Source data section start

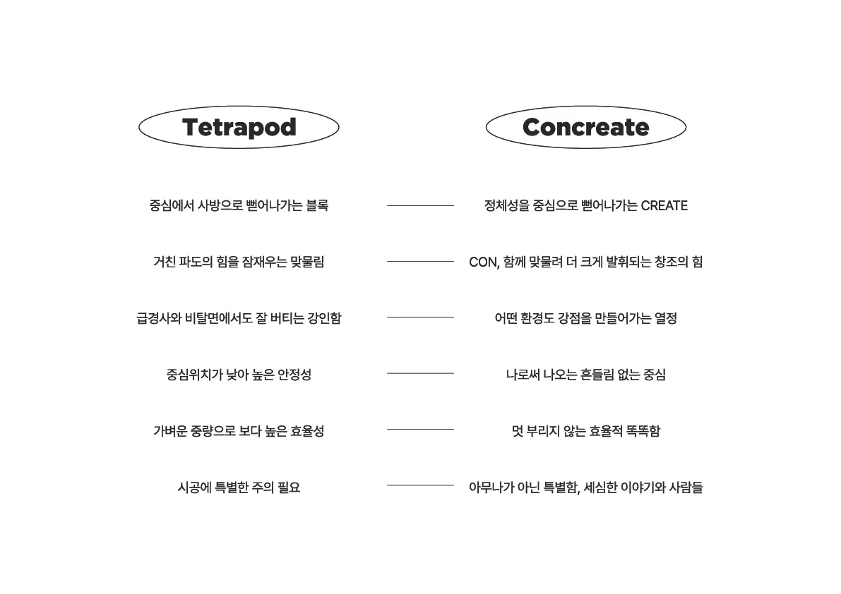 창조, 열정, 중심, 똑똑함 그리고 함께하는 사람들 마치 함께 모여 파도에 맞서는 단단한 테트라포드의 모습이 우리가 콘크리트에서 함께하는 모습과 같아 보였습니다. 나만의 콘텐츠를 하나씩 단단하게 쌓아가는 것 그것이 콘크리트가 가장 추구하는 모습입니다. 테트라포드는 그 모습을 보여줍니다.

Source data section end
Source data section start

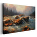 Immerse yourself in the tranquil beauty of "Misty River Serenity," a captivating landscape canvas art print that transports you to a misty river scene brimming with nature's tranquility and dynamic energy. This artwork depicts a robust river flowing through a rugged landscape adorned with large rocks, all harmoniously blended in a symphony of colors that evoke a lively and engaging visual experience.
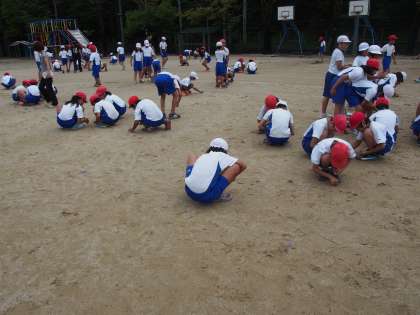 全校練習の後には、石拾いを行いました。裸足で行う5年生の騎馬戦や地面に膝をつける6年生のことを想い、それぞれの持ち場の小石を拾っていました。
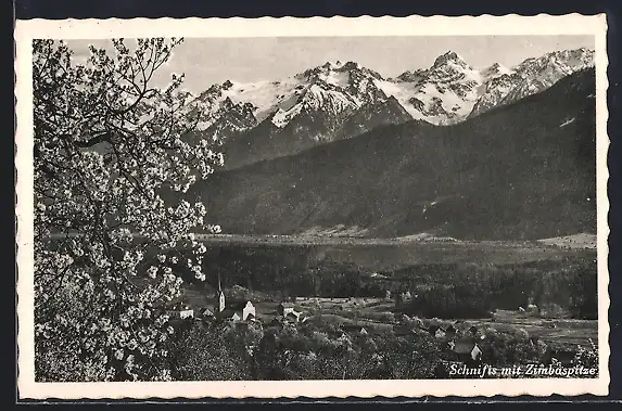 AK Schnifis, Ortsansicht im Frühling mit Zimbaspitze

Source data section end

Transcribe, word for word, the stretch of lines in the data above from the one with "全校練習の後には、石拾いを行" through the one with "AK Schnifis, Ortsansicht"; omit all pictures.

 全校練習の後には、石拾いを行いました。裸足で行う5年生の騎馬戦や地面に膝をつける6年生のことを想い、それぞれの持ち場の小石を拾っていました。
 AK Schnifis, Ortsansicht im Frühling mit Zimbaspitze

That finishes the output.